Divide, then Ground: Adapting Frame Selection to Query Types for Long-Form Video Understanding
Summary: arXiv:2512.04000v2 Announce Type: replace-cross
Abstract
The application of Large Multimodal Models (LMMs) to long-form video understanding is constrained by limited context lengths and the computationally prohibitive cost of processing dense video tokens. Consequently, recent research has focused on query-aware frame selection, methods that often incur significant computational overhead. This paper challenges the assumption that such complex search mechanisms are universally necessary.
Key Findings
- Identification and validation of a query typology distinguishing between global and localized queries.
- Uniform sampling is effective for global queries.
- Localized queries require query-aware selection for optimal performance.
Introduction
As the demand for understanding long-form videos increases, the limitations of existing Large Multimodal Models (LMMs) become ever more apparent. The computational burden associated with processing large volumes of video data, combined with the constraints of context lengths, necessitates innovative approaches in video understanding. Traditional methods often employ query-aware frame selection techniques that, while effective, can result in significant computational costs.
Research Approach
This study proposes a reevaluation of the need for complex search mechanisms in video analysis. Through rigorous experimentation, we categorize queries into two distinct types:
- Global Queries: These queries require an overview of the entire video, allowing for uniform sampling strategies.

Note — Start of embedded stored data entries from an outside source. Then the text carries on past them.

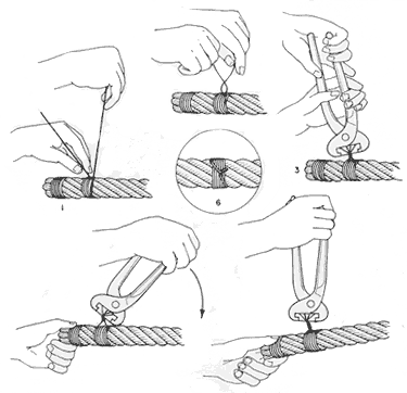 Cột chặt đầu sợi cáp thép bằng các sợi cáp nhỏ.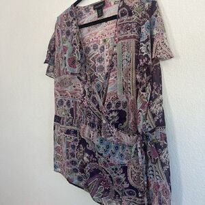 Lane Bryant Purple Paisley Plus Size 22/24 Wrap Blouse Floral Peasant bohemian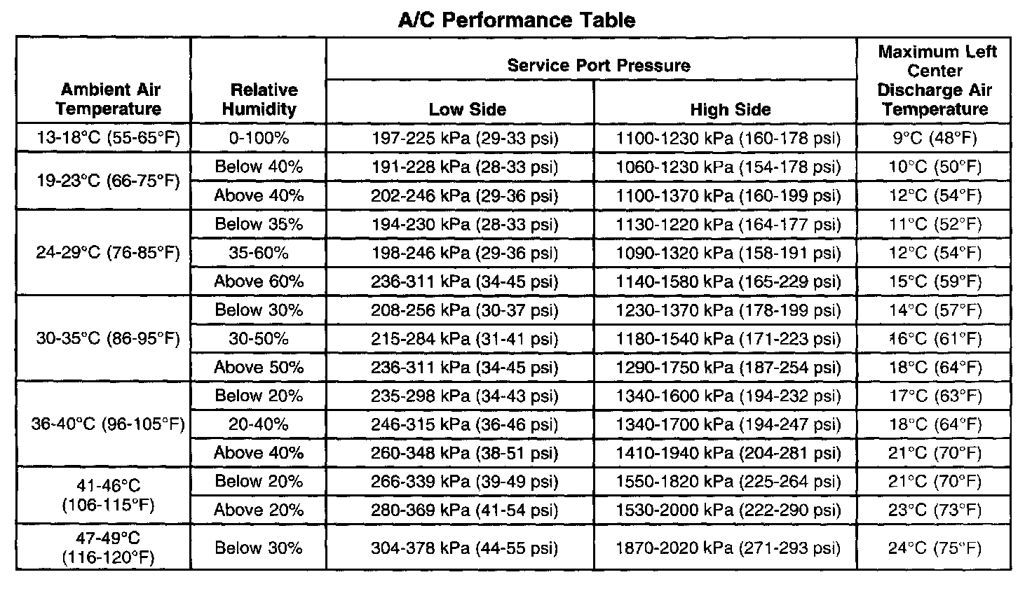 A/C Performance Table: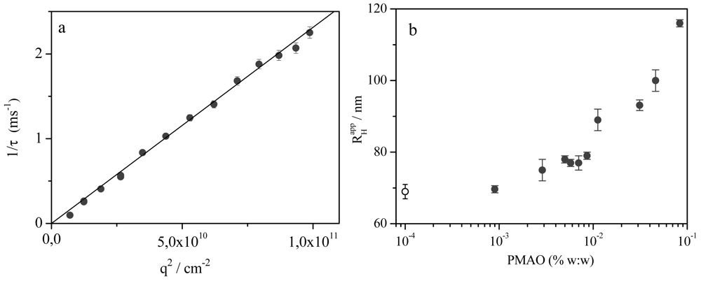 The correlation functions for AOT/PMAO systems are monomodal and the inverse time decay shows a linear dependence with q2, Figure 2(a). The apparent hydrodynamic radius was calculated from the apparent diffusion coefficient obtained from the slope of inverse time decay vs. q2 and the Stokes-Einstein equation. The apparent hydrodynamic radius is represented against the polymer concentration in the Figure 2(b). Examination of results in the Figure 2(b) shows that the hydrodynamic radius is almost independent of polymer concentration at low polymer concentrations with a size quite similar to the Aerosol OT vesicles. This fact seems to indicate that the incorporation of small concentrations of PMAO inside the vesicles bilayer does not affect the size of Aerosol OT vesicles. However, when the polymer concentration incorporates onto the bilayer is further increased the apparent hydrodynamic radius increases from 70 to 118 nm.

- Localized Queries: These queries focus on specific segments of the video and therefore benefit from more tailored selection methods.
The DIG Framework
Building upon the insights gained from query typology, we introduce DIG, a training-free frame selection framework that dynamically adapts its strategy based on the nature of the query posed. The DIG framework operates on two key principles:
- For global queries, DIG utilizes efficient uniform sampling techniques, which allows for a comprehensive overview while minimizing computational costs.

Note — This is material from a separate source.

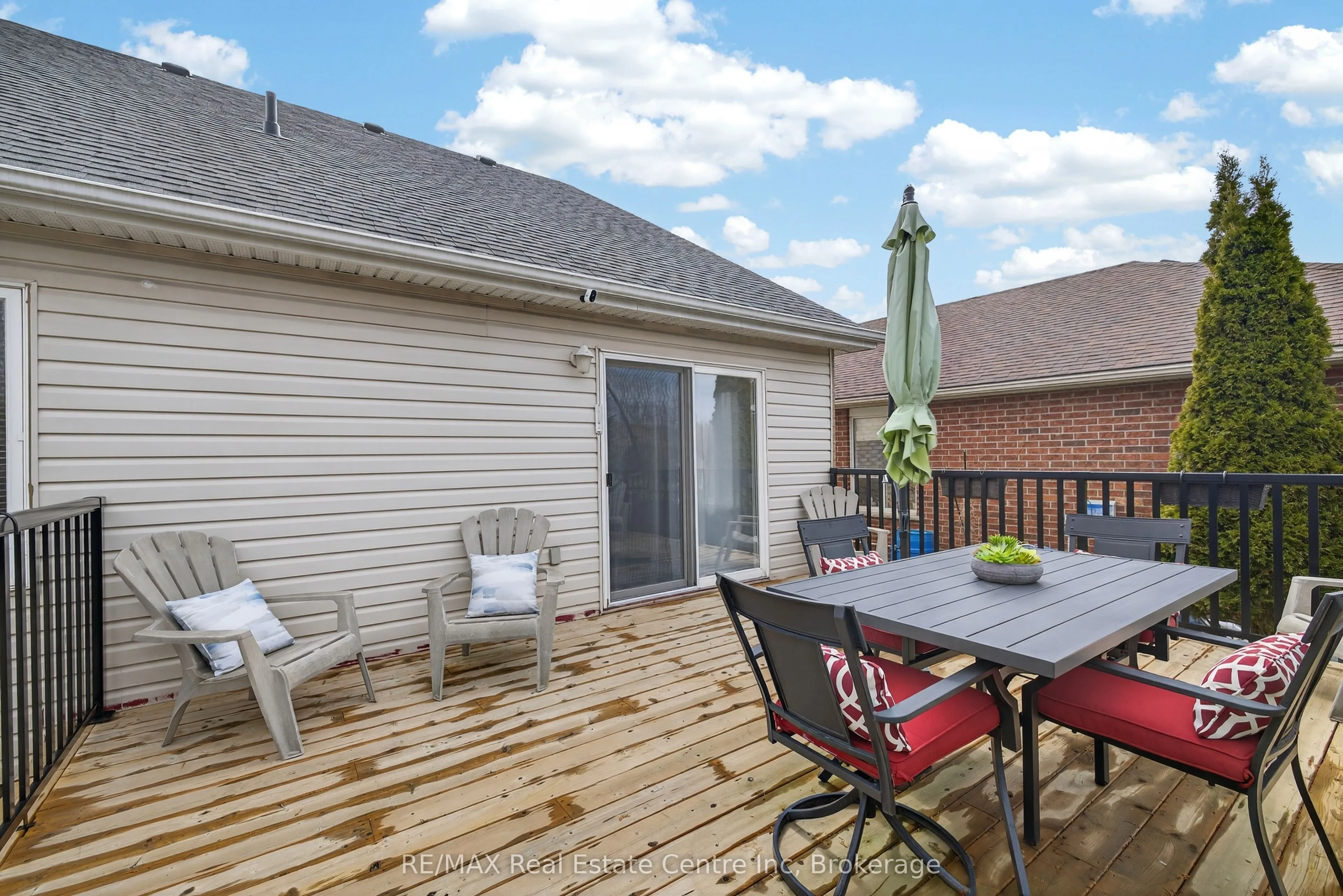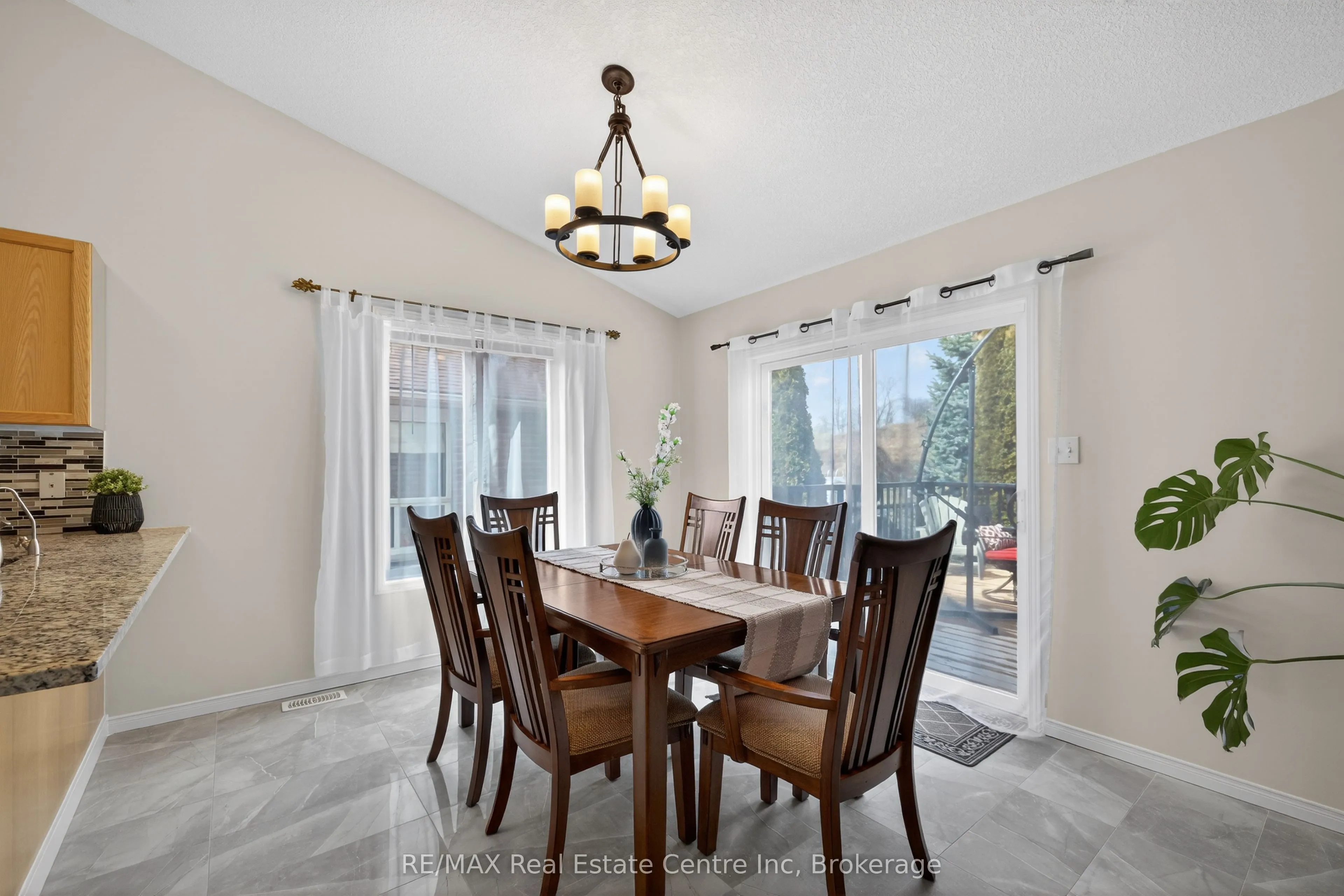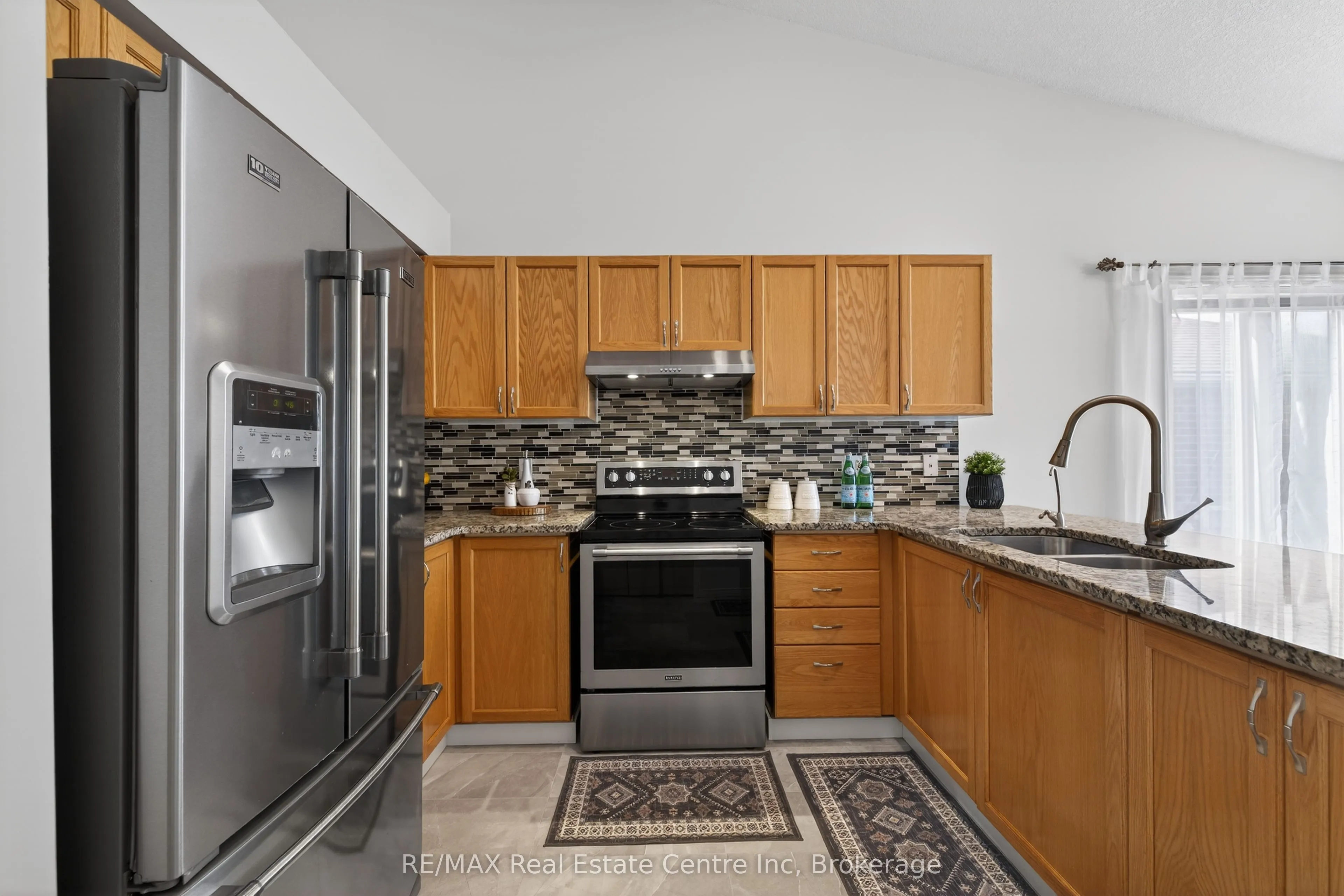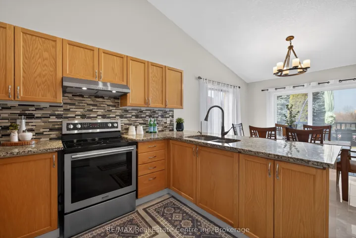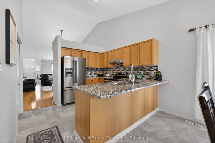 Welcome to 91 Flaherty Dr, an exceptional bungalow on a rare, oversized lot nearly 200 feet deep and over 2,500 sq ft of finished living space. This well-maintained home features a two-car garage and soaring vaulted ceiling that create an immediate sense of elegance and space. The main level offers three bright bedrooms and two bathrooms (one with a jacuzzi tub), anchored by an inviting living room filled with natural light. The recently updated kitchen is a highlight, featuring a charming dining area and sliding doors that lead directly to a new 14′ x 18′ deck-perfect for outdoor entertaining and summer BBQs. Kitchen updates include granite counters with a breakfast bar, a stylish backsplash, a new range hood, stainless steel appliances, and modern tiles throughout. The fully finished basement nearly doubles your living space, offering a massive Recreation room, a fourth bedroom, and a 4-piece bathroom complete with a corner jacuzzi tub and a separate shower. Additional conveniences include ample storage and a dedicated cold cellar. The main floor is spacious, bright, and freshly painted. Roof shingles 2017. Situated on one of the largest lots in the city with no rear neighbors, this home is just steps away from the West End Rec Centre and major shopping amenities (Costco, Zehrs, banks, LCBO…)

- For localized queries, DIG activates a specialized pipeline that extracts frames relevant to the specific query, ensuring optimized performance and relevance.
Experimental Results
To validate the effectiveness of the DIG framework, we conducted extensive experiments across three long-form video understanding benchmarks. The results indicate that DIG consistently outperforms existing baseline methods. Notably, even when scaling the input frame count to 256, DIG demonstrates robust improvements in the performance of LMMs.
Conclusion
The findings of this research underscore the importance of tailoring frame selection methods to the type of query being posed in long-form video understanding. By distinguishing between global and localized queries, and by implementing the DIG framework, we can significantly enhance the efficiency and effectiveness of LMMs in processing video data. Future work will focus on further refining these methods and exploring their applicability across various multimedia contexts.